We have great people and a great team of asset managers who all know what they are doing and have got a great gut feel, but when decisions are underpinned by real hard data the process becomes much more robust.
Cook: From our perspective the challenge has not changed, because we have products and we have roadmaps for those products. But what has changed is what is changing in your world, and that influences those roadmaps. One of the big things I have noticed that has come out of Covid is ‘tweaks’ to the way people operate, like changing a second bedroom into an office, or at the other end of the scale more dramatic changes like reassigning an asset to residential or turning a traditional office building into coworking.
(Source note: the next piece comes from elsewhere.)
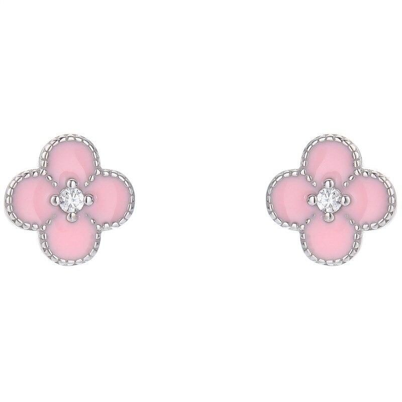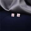 Серьги из стерлингового серебра S925, серьги-гвоздики с четырьмя листами клевера для женщин, розовая наклейка из смолы, украшения для ушей

The challenge for us is accommodating that and making customers aware we have a solution that we can put in place.
You can only take technology so far – you will never replace that human interaction
We are all in agreement that data and technology will play a bigger role in the way asset managers operate on a day-to-day basis in the future, especially as asset managers are going to become even more reliant on technology and machine learning and less on gut feel.
Mackenzie: Asset management people are absolutely the core of the business. They build relationships and know their assets, their occupiers, their customers, the towns, the councils, know every single stakeholder – and you cannot do that with data. Data informs you and it helps enormously, but nothing replaces face-to-face contact and the relationship with an individual or a business.
Armstrong: I think the people who invest in the human relationship alongside technology and data will come out the strongest. Those that just polarise on one side or the other are in trouble.
Cook: You can only take technology so far – you will never replace that human interaction. We will try and make life more efficient, more accurate and more accessible for our clients with properly connected data, but ultimately, in terms of asset managers, you are never going to replace them.